Выбрать главу

— В числе пассажиров на корабле из Ост-Индии, что вчера бросил якорь в бухте, есть контр-адмирал. Трудяга Кемп пригласил его, чтобы набрать кворум для трибунала. Процесс начнется завтра.

Робин тотчас же повернулась к нему, ее лицо выражало тревогу и озабоченность.

— Я буду каждое мгновение молиться за вас. — Она порывисто протянула руку, капитан крепко сжал ее.

Это прикосновение выпустило у нее в душе на свободу что-то, что до сих пор держалось под крепким замком, и горячие сухие глаза наполнились слезами.

— О, моя дорогая доктор Баллантайн, — прошептал Клинтон. — Пожалуйста, не нужно мучиться из-за меня.

Но Робин сквозь слезы видела призрачные очертания прекрасного стройного корабля, исчезающие в перламутровой морской дымке, и горькие рыдания сотрясли ее тело.
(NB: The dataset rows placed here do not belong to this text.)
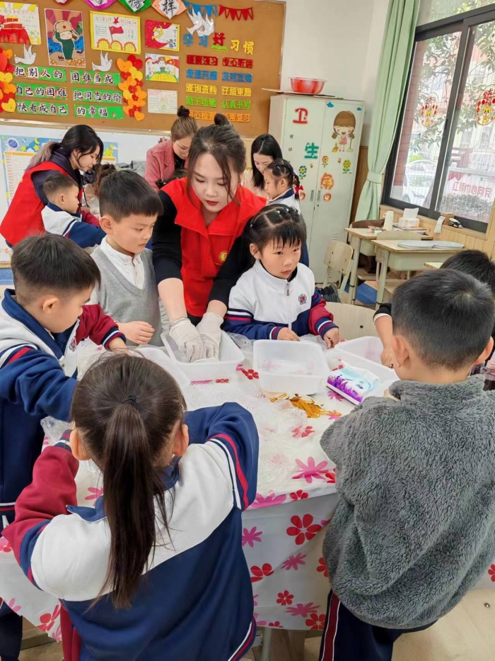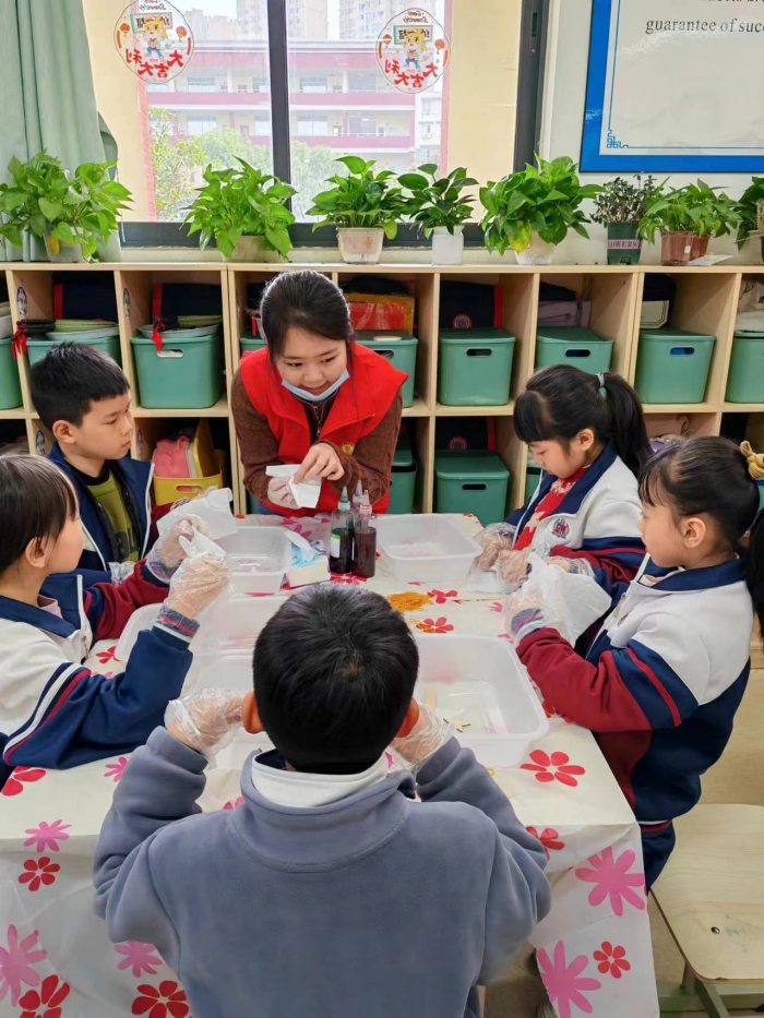 扎染是中国民间传统而独特的染色工艺,其作品所呈现的图案、花纹样式多变。小小一片布,染出新天地,普通的白布被一双双小手赋予了鲜活的生命。在扎染活动中,孩子们根据志愿者讲解扎染的“浸一扎一染一洗一拆一晒”步骤,体验着扎染艺术的魅力,享受着劳动的喜悦与自豪,发现美和创造美的能力也在不断提升。
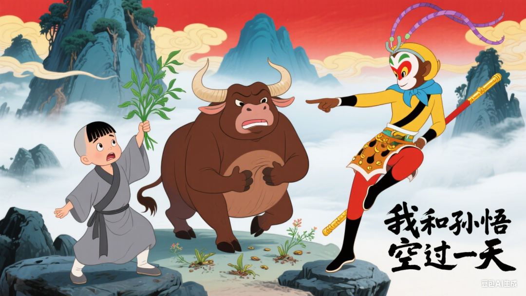 正当我疑惑不解时,不远处传来了一阵脚步声,我来不及想,连忙躲进身后的草丛里。脚步声越来越近,我定睛一看,哎呀,那不是我最敬慕的齐天大圣孙悟空吗?我顿时喜出望外,没想到一下子就让大圣看出了破绽,他大声喊道:“何方妖怪,还不快现身!”我连忙跑出来说:“大圣,是贫僧,想和你一起打妖怪!”“就你?还想和我打妖怪?”大圣话音刚落,我突然感到一阵强烈的震动。嘿,这不是牛魔王吗?可牛魔王那么高大,我怎么可能打得过他呢?正在我思索之际,旁边的大圣已经开始了战斗,他和牛魔王你追我赶,大战了九九八十一个回合也不分胜负。
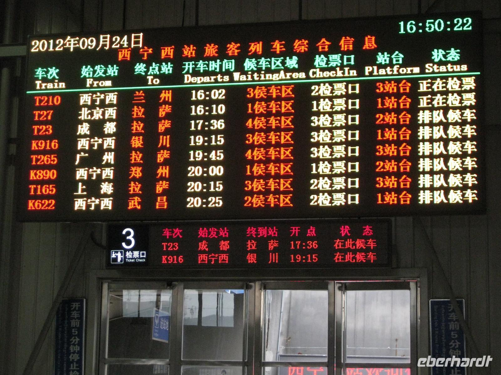 Montag, 24.09.2012 – Flug nach Xining, Fahrt mit dem Zug nach Lhasa
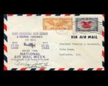 DescriptionA stamp cover commemorating National Air Mail Week in 1938. On the left side of the white air mail envelope is a stamped purple ink cachet featuring the illustration of an airplane surrounded by text that reads: EAST PATERSON, NEW JERSEY / A GROWING COMMUNITY / AIR MAIL / MAY 15-21 1938 / MAY 15-21 1938 / SAVES TIME / NATIONAL / AIR MAIL WEEK / Air Mail Service To All Corners Of The World. Below the cachet is the original ink signature of the East Paterson postmaster: Charles Roth Jr. / Postmaster.
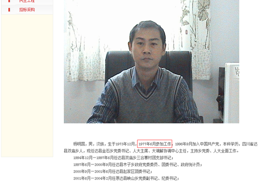 該媒體截取的圖片資料顯示,四川達(dá)縣金石鄉(xiāng)黨委書(shū)記楊明國(guó)“生于1973年12月,1977年6月參加工作”。
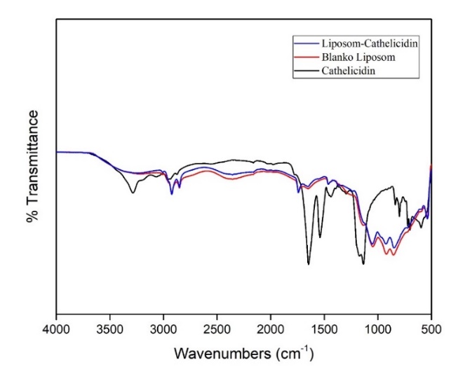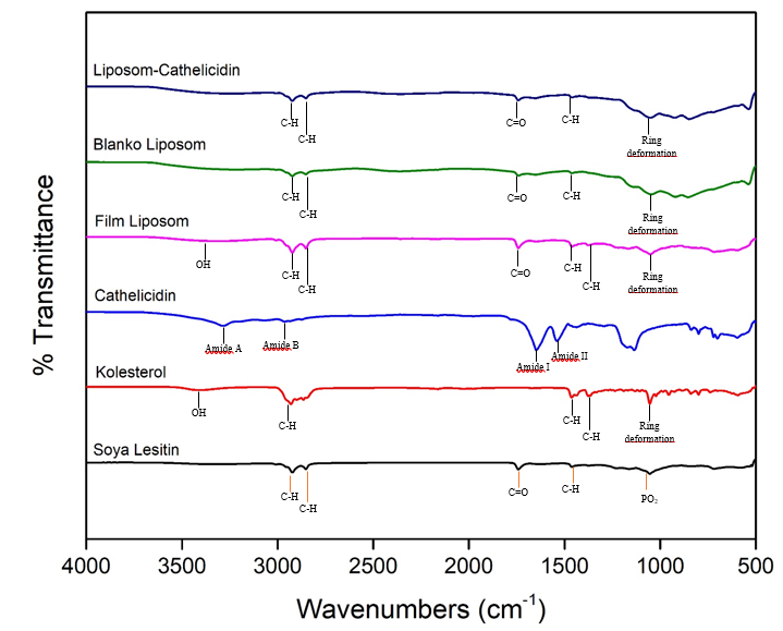 The interaction between cathelicidin and other chemicals in liposomes were evaluated by FTIR spectroscopy. Spectra were recorded using a Thermo Scientific Nicolet iS5 Infrared Spectrometer. The samples were poured on the FTIR plate and the spectrum were recorded at 4000 cm-1–400 cm-1. Then the spectra were compared to determine changes and interactions [25].
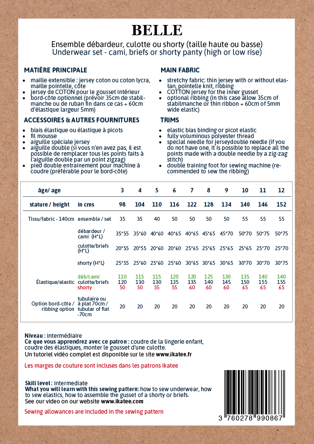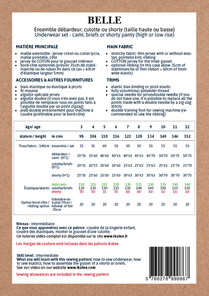 Belle Underwear Set Sewing Pattern - Girl 3/12Y - Ikatee
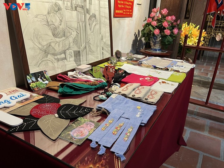 Di Balai desa Tu Thi juga dipamerkan sejumlah produk kerajinan tangan dari brand-brand terkenal di jalan Hang Gai.
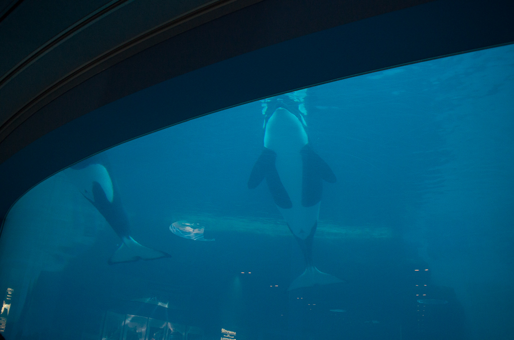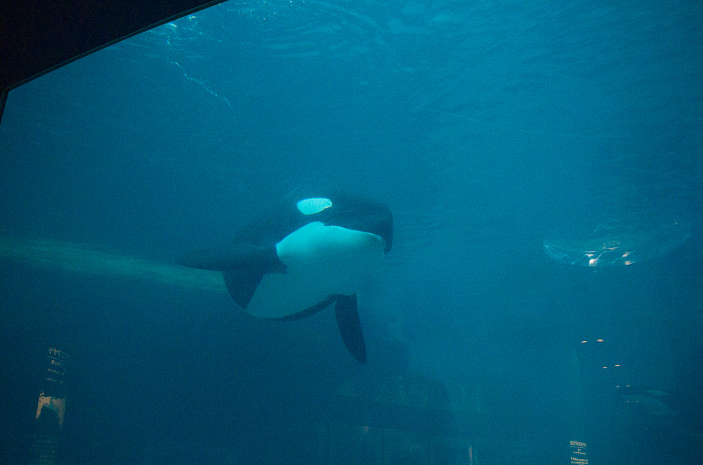 水族館を入ってすぐに、シャチやイルカなど海獣の水槽がある。
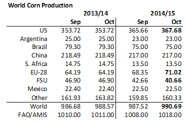 FAO, som rapporterade i torsdags, dagen innan USDA:s WASDE-rapport, höjde det globala produktionsestimatet för 2014/15 till rekordhöga 719 mt. Detta beror på att FAO höjer produktionsestimaten för Kina, Indien, Ryssland och Ukraina.
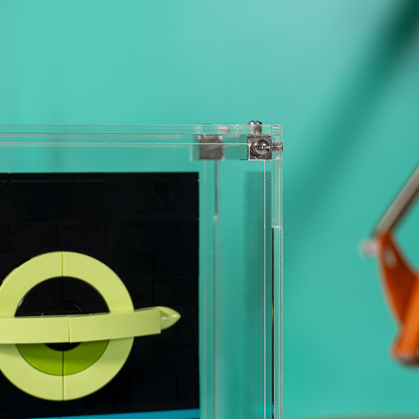 • 2-in-1 solution to display your LEGO® on your desk or on the wall. The acrylic display case easily locks in to the base plate with high-strength magnets to secure it in place.
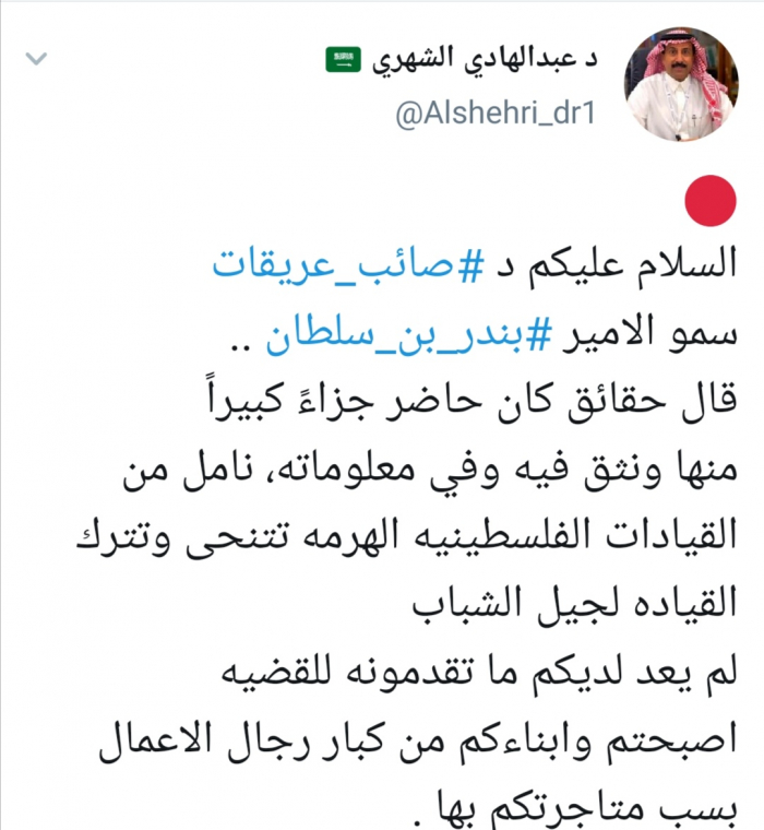 وكتب الشهري عبر تغريدة له على "تويتر" رصدها " المشهد العربي": "نامل من القيادات الفلسطينية الهرمة تتنحى وتترك القياده لجيل الشباب" قائلاً:" لم يعد لديكم ما تقدمونه للقضية".
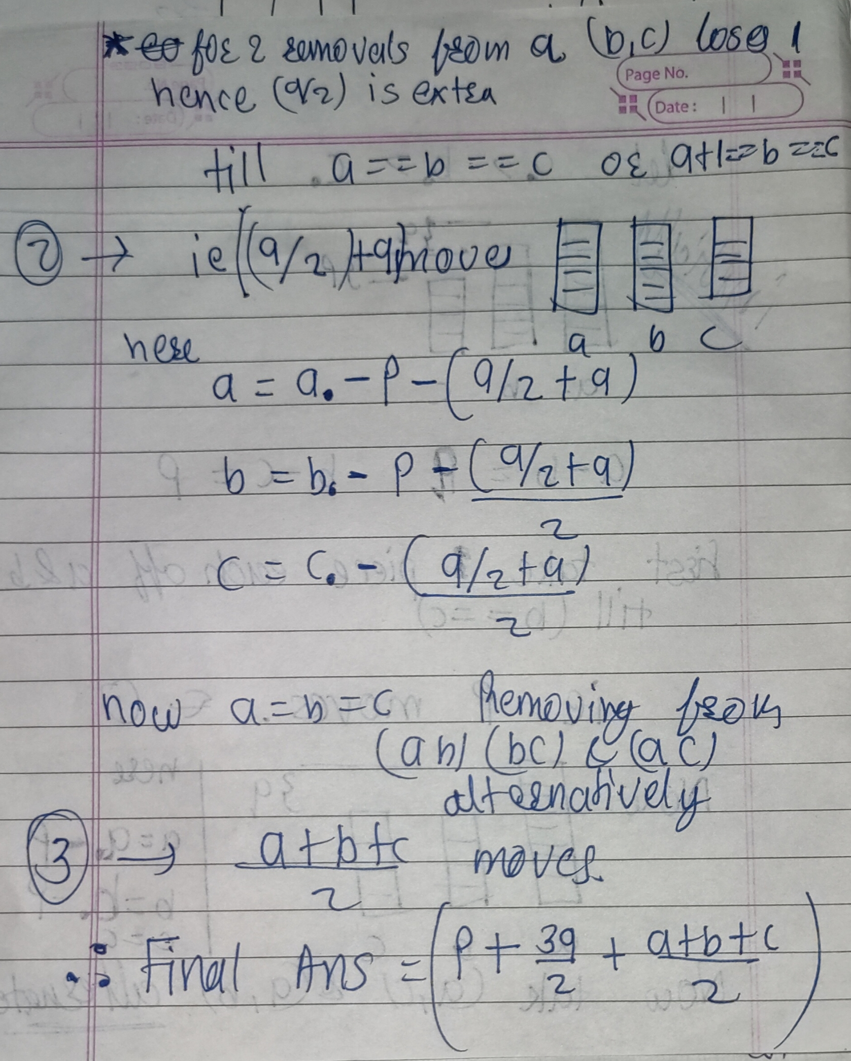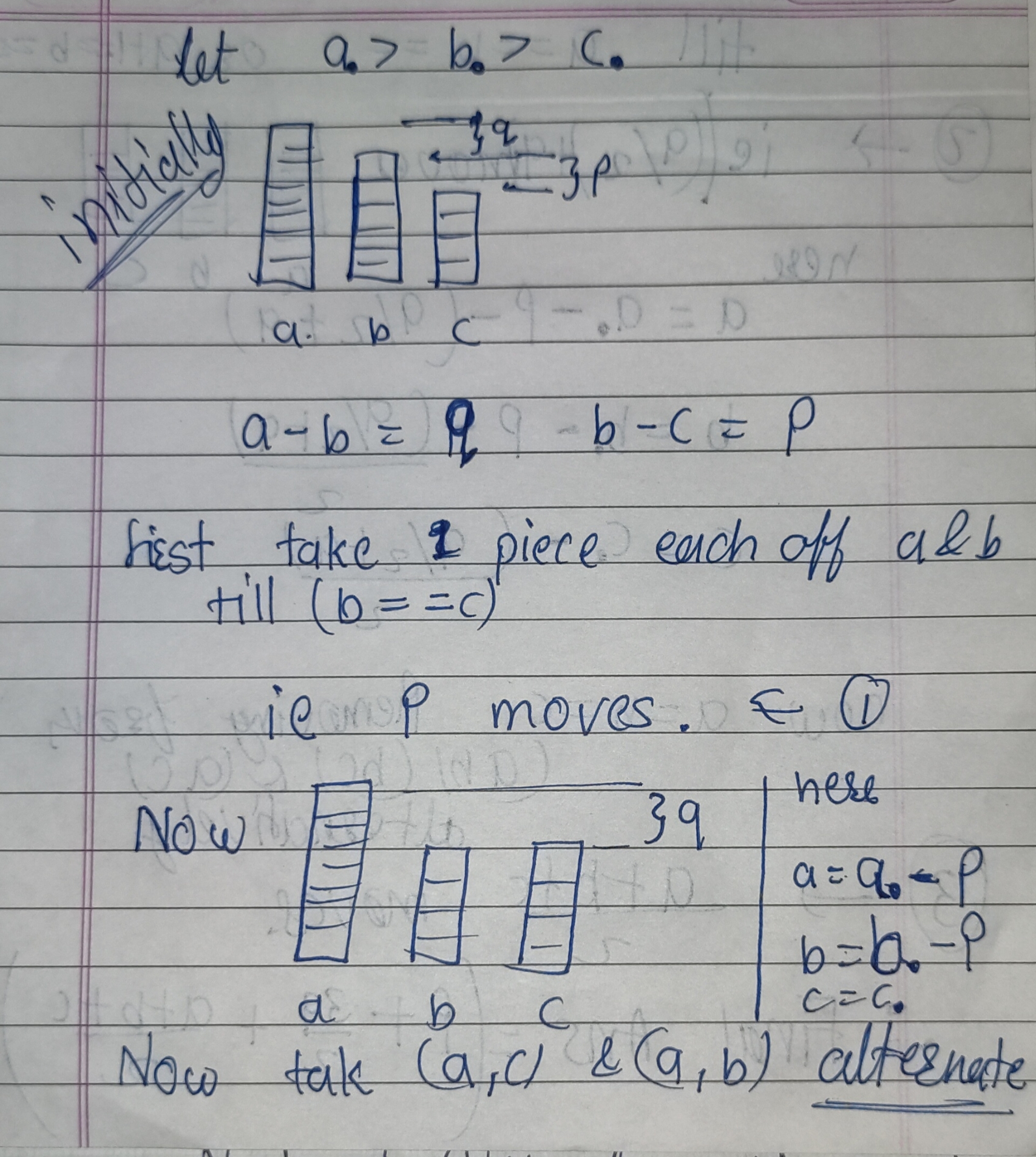 It’s a bit difficult to articulate, but the main thing is I can remove c from a and b such that the difference is at most 1. That is because we know a and b are less than c and therefore b-a is also less than c. So we can make sure that the difference doesn’t exceed 1, so we reach either 0,0,1 or 0,0,0 depending on the parity, and we can do (a+b+c)/2 moves.
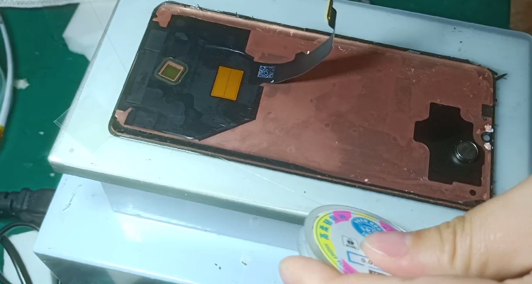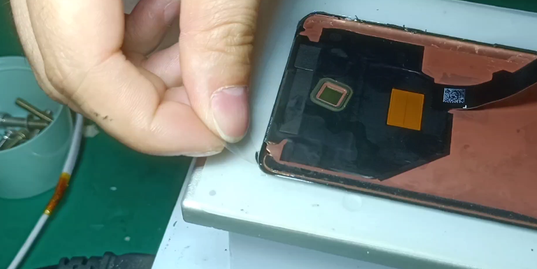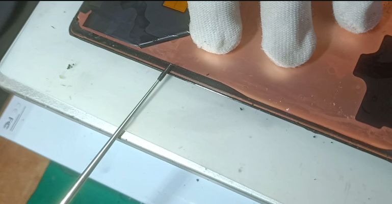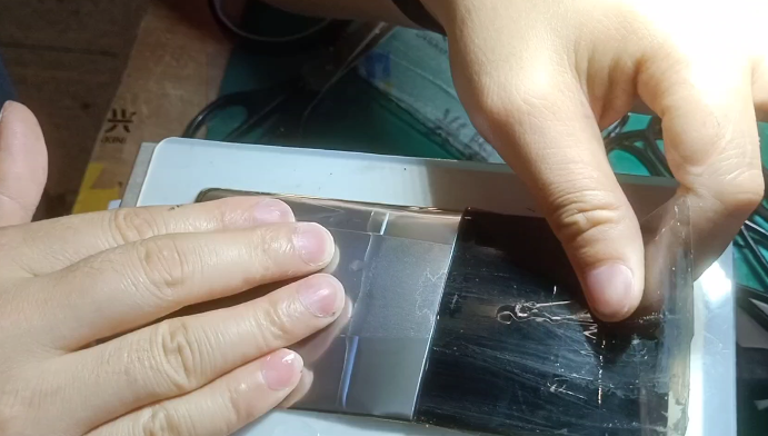 薄片开出一个小口后,钢丝顺着薄片开始进线,这时拉钢丝的手法很重要,稍不注意就会分到偏光,等钢丝把盖板分离一半后再出线从另一边进线分离,分离下来的屏幕要做一个保护贴,主要是为了避免扣子给屏幕增加压力。
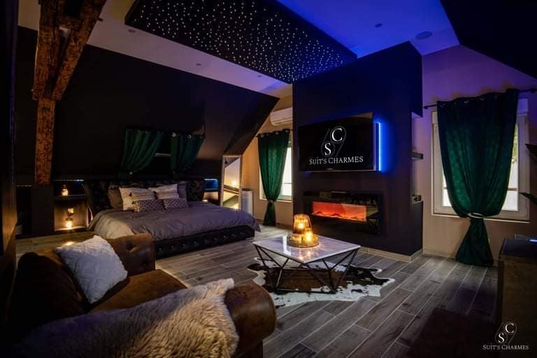 La Suit’s Charmes vous accueille dans une ambiance chaleureuse, Cocooning et apaisante. Rêver, Se reposer, Se regarder, Se sentir, S’enlacer, Se retrouver, Se confiner…S’aimer…Venez profiter de la Suit’s Charmes!! Suite de 75m2 , Face Gare de Belfort Jacuzzi Sauna Lit King Size TV 4K smart Tv, Netflix, TV Orange Wifi Cheminée Ciel Étoilé Douche XXL multi-jet (ciel douche indisponible à ce jour) Tout linge fourni Option possible: balançoire érotique/ Champagne/ appareil électroménager party
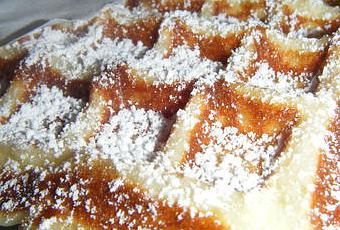 Saupoudrez de sucre glace ou comme mon gourmand de mari , nappez de nutella et saupoudrez de coco râpée....
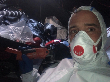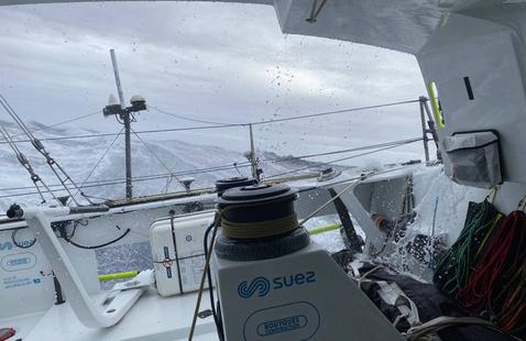 Louis Burton a dans le même temps constaté une importante fissure sur une cloison structurelle. En mode Mac Gyver, sur une mer encore bien formée, le marin s’est attelé à un travail de longue haleine : à l’aide d’une disqueuse, il a fallu poncer puis stratifier chacun des côtés de la cloison avec du tissu carbone et de la résine pour la solidifier. Un travail de 4 longues heures que Louis a pu effectuer pendant sa pénalité. Au vu de l’ampleur de la casse, le skipper aurait été de toutes les façons contraint de lever le pied pour remettre en ordre de marche son monocoque.

Пол бального зала Адмиралтейства был выложен в шахматном порядке квадратами из белого и черного мрамора. Люди располагались на нем, как шахматные фигуры, в случайном порядке, словно пройдя через все превратности долгого и трудного эндшпиля.

Робин Баллантайн в юбке и блузке спокойного зеленого цвета стояла во главе доски, словно одинокая королева, а напротив нее, как ладьи, выстроились члены судебного совещания — два морских офицера в парадных мундирах и при шпагах, исполнявшие обязанности обвинителя и защитника. Их избрали на эти роли по воле случая, и ни тому, ни другому непривычная задача не нравилась.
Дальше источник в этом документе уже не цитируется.